Let's investigate whether we can confirm the connection between model complexity and generalization that we discussed earlier.

In [21]:
from sklearn.datasets import load_breast_cancer

cancer = load_breast_cancer()
X_train, X_test, y_train, y_test = train_test_split(
    cancer.data, cancer.target, stratify=cancer.target, random_state=66)

training_accuracy = []
test_accuracy = []
neighbors_settings = range(1, 11)

for n_neighbors in neighbors_settings:
    clf = KNeighborsClassifier(n_neighbors=n_neighbors)
    clf.fit(X_train, y_train)
    training_accuracy.append(clf.score(X_train, y_train))
    test_accuracy.append(clf.score(X_test, y_test))
    
plt.plot(neighbors_settings, training_accuracy, label='training accuracy')
plt.plot(neighbors_settings, test_accuracy, label='test accuracy')
plt.ylabel('Accuracy')
plt.xlabel('n_neighbors')
plt.legend();

<IPython.core.display.Javascript object>

Considering a single nearest neighbor, the prediction on the training set is perfect. But when more neighbors are considered, the model becomes simpler and the training accuracy drops. The test set accuracy for using a single neighbor is lower than when using more neighbors, indicating that using the single nearest neighbor leads to a model that is too complex. On the other hand, when considering 10 nearest neighbors, the model is too simple and performance is even worse. 
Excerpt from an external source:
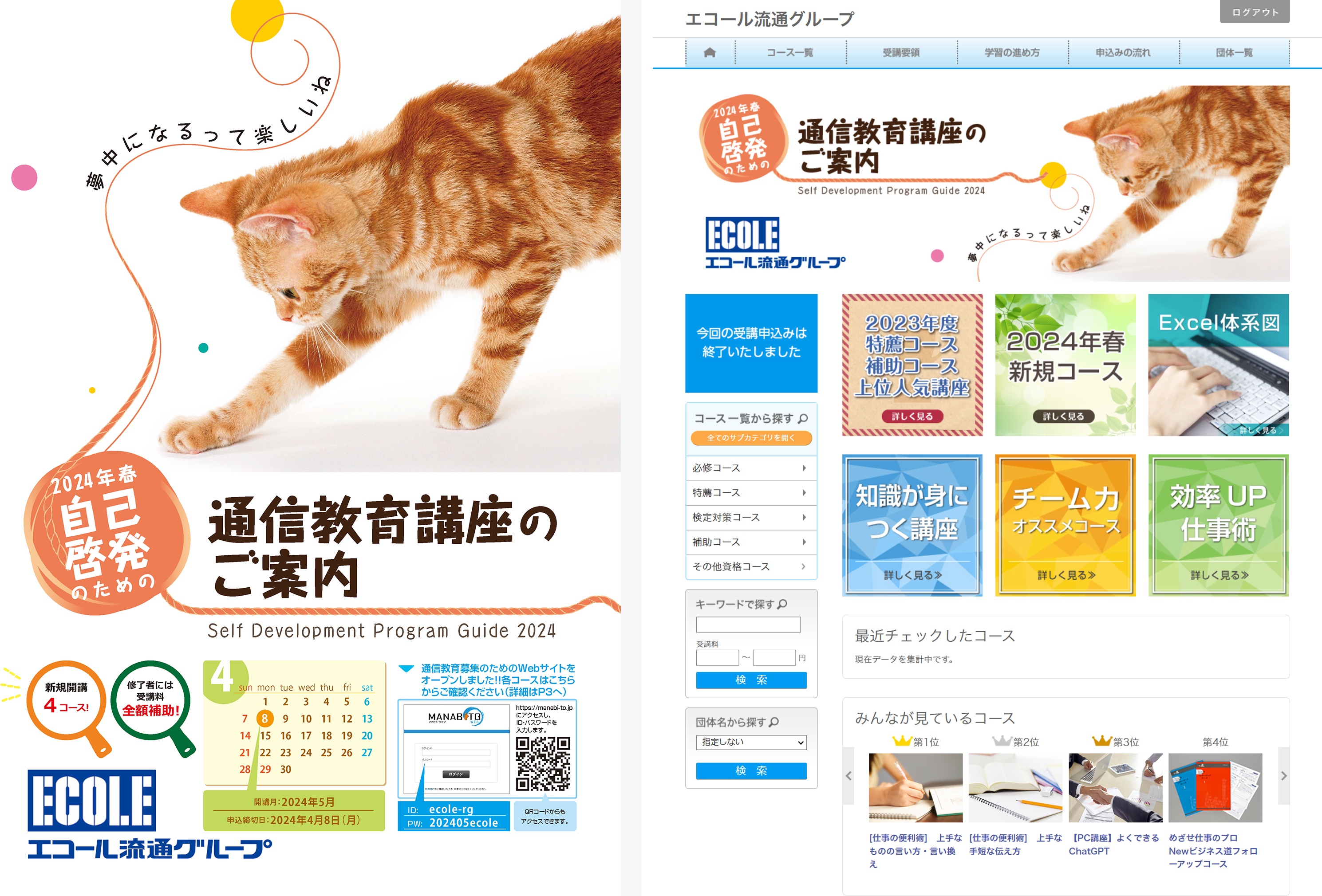 当社の通信教育講座は毎年春(5月)と秋(11月)の年2回開講で、じつは先日、2024年春のガイドをグループ全社員に向けて配布したところなんです(※取材時は3月下旬)。

The best performance is somewhere in the middle, around 6 neighbors.

## k-Neighbors regression

There is also a regression variant of the k-nearest neighbors algorithm.

In [22]:
mglearn.plots.plot_knn_regression(n_neighbors=1)
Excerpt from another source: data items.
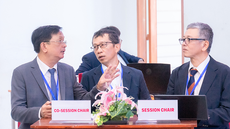 Chủ trì phiên Báo cáo tổng thể: GS,TS. Nguyễn Huy Bích – Nguyên Trưởng khoa Khoa Cơ khí Công nghệ, Trường Đại học Nông Lâm thành phố Hồ Chí Minh Đồng Trưởng Ban tổ chức, GS. Ju -Yi Lee – Trưởng Khoa Cơ khí, Trường Đại học Quốc lập Trung ương Đài Loan, GS. Keiji Yamada – Trường Đại học Hiroshima, Nhật Bản (từ trái sang)
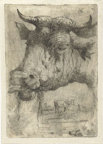 Dirk Dirksen created this etching, called "Kop van geit", or "Goat Head" in Dutch, using delicate lines to capture the animal's features. Dirksen lived and worked during a time of significant social and economic change in the Netherlands. The Dutch Golden Age, characterized by prosperity and artistic innovation, had long passed, and artists like Dirksen found themselves navigating a different landscape, one in which the representation of rural life and animals held particular appeal. Dirksen's choice to portray a goat is not without cultural significance. Goats often symbolize virility, stubbornness, and independence. How might these qualities reflect broader societal attitudes toward nature, labor, and freedom during the 19th century? What does it mean to single one animal out? The intense gaze, the strong horns... Dirksen seems to ask us to consider the animal's unique identity. Through his careful rendering, we are invited to contemplate the complex relationship between humans and the natural world, and perhaps even to question our own place within it.
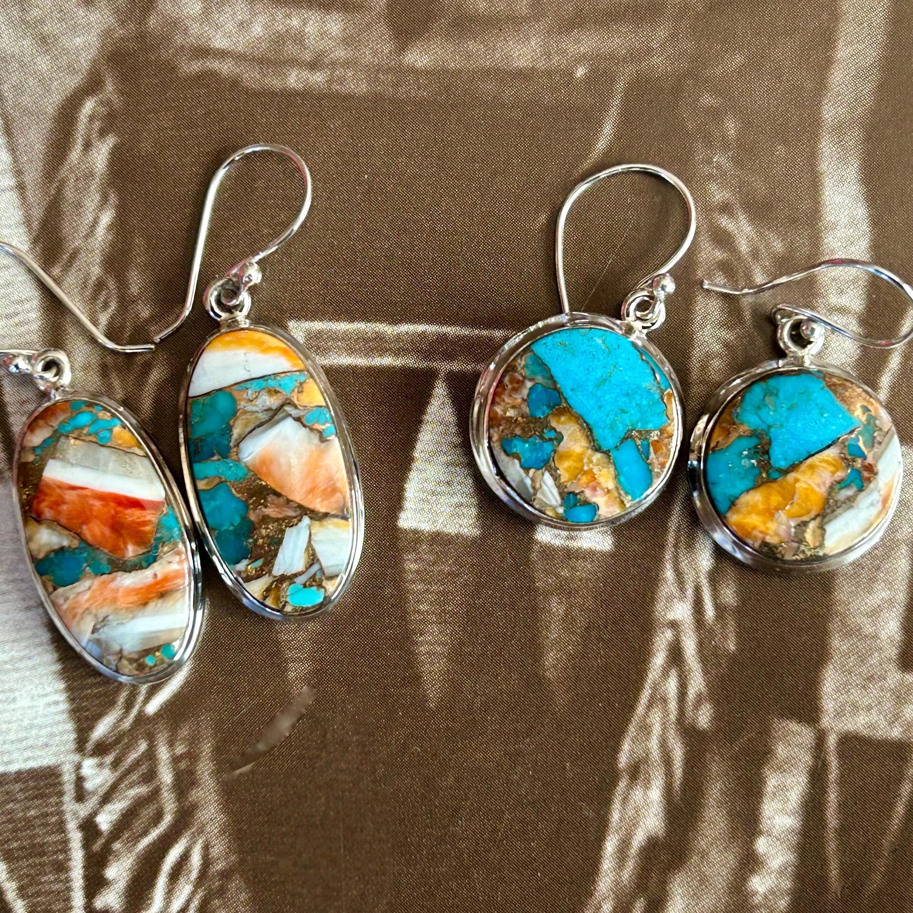 Who doesn't love Spiny Oyster? Skyhawk Ranch has quite a nice following of spiny collectors who absolutely love spiny oyster. You don't see it that much in earrings so these are kind of rare. The round ones are particularly unusual.. Spiny Oyster is a seashell that is merged with genuine turquoise to create such a beautiful effect. I always think Spiny Oyster looks like a beautiful sunset. All sterling silver.

<IPython.core.display.Javascript object>

In [23]:
mglearn.plots.plot_knn_regression(n_neighbors=3)

<IPython.core.display.Javascript object>

In [25]:
from sklearn.neighbors import KNeighborsRegressor

X, y = mglearn.datasets.make_wave(n_samples=40)

X_train, X_test, y_train, y_test = train_test_split(X, y, random_state=0)

reg = KNeighborsRegressor(n_neighbors=3)
reg.fit(X_train, y_train)

KNeighborsRegressor(algorithm='auto', leaf_size=30, metric='minkowski',
          metric_params=None, n_jobs=1, n_neighbors=3, p=2,
          weights='uniform')

In [26]:
print('Test set predictions:\n{}'.format(reg.predict(X_test)))

Test set predictions:
[-0.05396539  0.35686046  1.13671923 -1.89415682 -1.13881398 -1.63113382
  0.35686046  0.91241374 -0.44680446 -1.13881398]


In [28]:
print('Test set R^2: {:.2f}'.format(reg.score(X_test, y_test)))

Test set R^2: 0.83


Here, the score is 0.83, which is a relatively good model fit.

## Analyzing KNeighborsRegressor

For our one-dimensional dataset, we can see what the predictions look like for all possible feature values.

In [37]:
fig, axes = plt.subplots(1, 3, figsize=(12,4))

line = np.linspace(-3, 3, 1000).reshape(-1, 1)

for n_neighbors, ax in zip([1, 3, 9], axes):
    reg = KNeighborsRegressor(n_neighbors=n_neighbors)
    reg.fit(X_train, y_train)
    ax.plot(line, reg.predict(line))
    ax.plot(X_train, y_train, '^', c=mglearn.cm2(0), markersize=8)
    ax.plot(X_test, y_test, 'v', c=mglearn.cm2(1), markersize=8)
    
    ax.set_title(
        '{} neighbor(s)\n train score: {:.2f} test score: {:.2f}'.format(
            n_neighbors, reg.score(X_train, y_train), reg.score(X_test, y_test)))
    ax.set_xlabel('Feature')
    ax.set_ylabel('Target')
    
axes[0].legend(['Model predictions', 'Training data/target', 'Test data/target'], loc="best");

<IPython.core.display.Javascript object>

Considering more data points leads to smoother predictions, but these do not fit the training data well.

### Strengths

The model is very easy to understand. It is also good to use it as a baseline before trying more advanced techniques because it can be set up very quickly.

### Weaknesses

If the training set is very large the prediction can be slow. This approach ofter does not perform well on datasets with many features (hundreds or more), and it does particularly bad with datasets where moest features are 0 most of the time (so-called _sparse datasets_).